### DATA EXTRACT
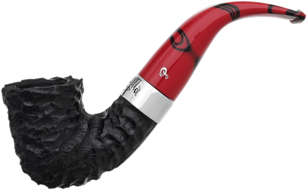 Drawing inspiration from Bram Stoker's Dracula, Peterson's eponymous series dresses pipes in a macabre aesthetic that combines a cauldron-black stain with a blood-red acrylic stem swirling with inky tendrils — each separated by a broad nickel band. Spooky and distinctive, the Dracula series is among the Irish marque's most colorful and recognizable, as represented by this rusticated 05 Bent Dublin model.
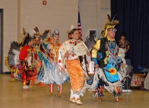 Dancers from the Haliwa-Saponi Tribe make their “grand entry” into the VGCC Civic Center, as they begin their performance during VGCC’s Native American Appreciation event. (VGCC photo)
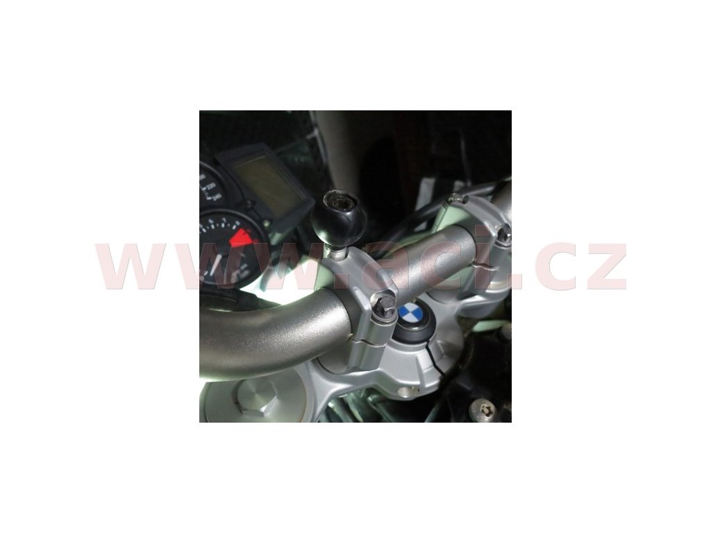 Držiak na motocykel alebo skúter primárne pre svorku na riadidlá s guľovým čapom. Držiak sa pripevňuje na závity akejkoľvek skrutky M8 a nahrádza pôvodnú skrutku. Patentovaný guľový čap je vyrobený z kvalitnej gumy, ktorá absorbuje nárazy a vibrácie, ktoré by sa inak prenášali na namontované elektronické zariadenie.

### PROMPT
What is needed is every line of the data above, set down exactly but with the images left out.

### FINAL ANSWER
 Drawing inspiration from Bram Stoker's Dracula, Peterson's eponymous series dresses pipes in a macabre aesthetic that combines a cauldron-black stain with a blood-red acrylic stem swirling with inky tendrils — each separated by a broad nickel band. Spooky and distinctive, the Dracula series is among the Irish marque's most colorful and recognizable, as represented by this rusticated 05 Bent Dublin model.
 Dancers from the Haliwa-Saponi Tribe make their “grand entry” into the VGCC Civic Center, as they begin their performance during VGCC’s Native American Appreciation event. (VGCC photo)
 Držiak na motocykel alebo skúter primárne pre svorku na riadidlá s guľovým čapom. Držiak sa pripevňuje na závity akejkoľvek skrutky M8 a nahrádza pôvodnú skrutku. Patentovaný guľový čap je vyrobený z kvalitnej gumy, ktorá absorbuje nárazy a vibrácie, ktoré by sa inak prenášali na namontované elektronické zariadenie.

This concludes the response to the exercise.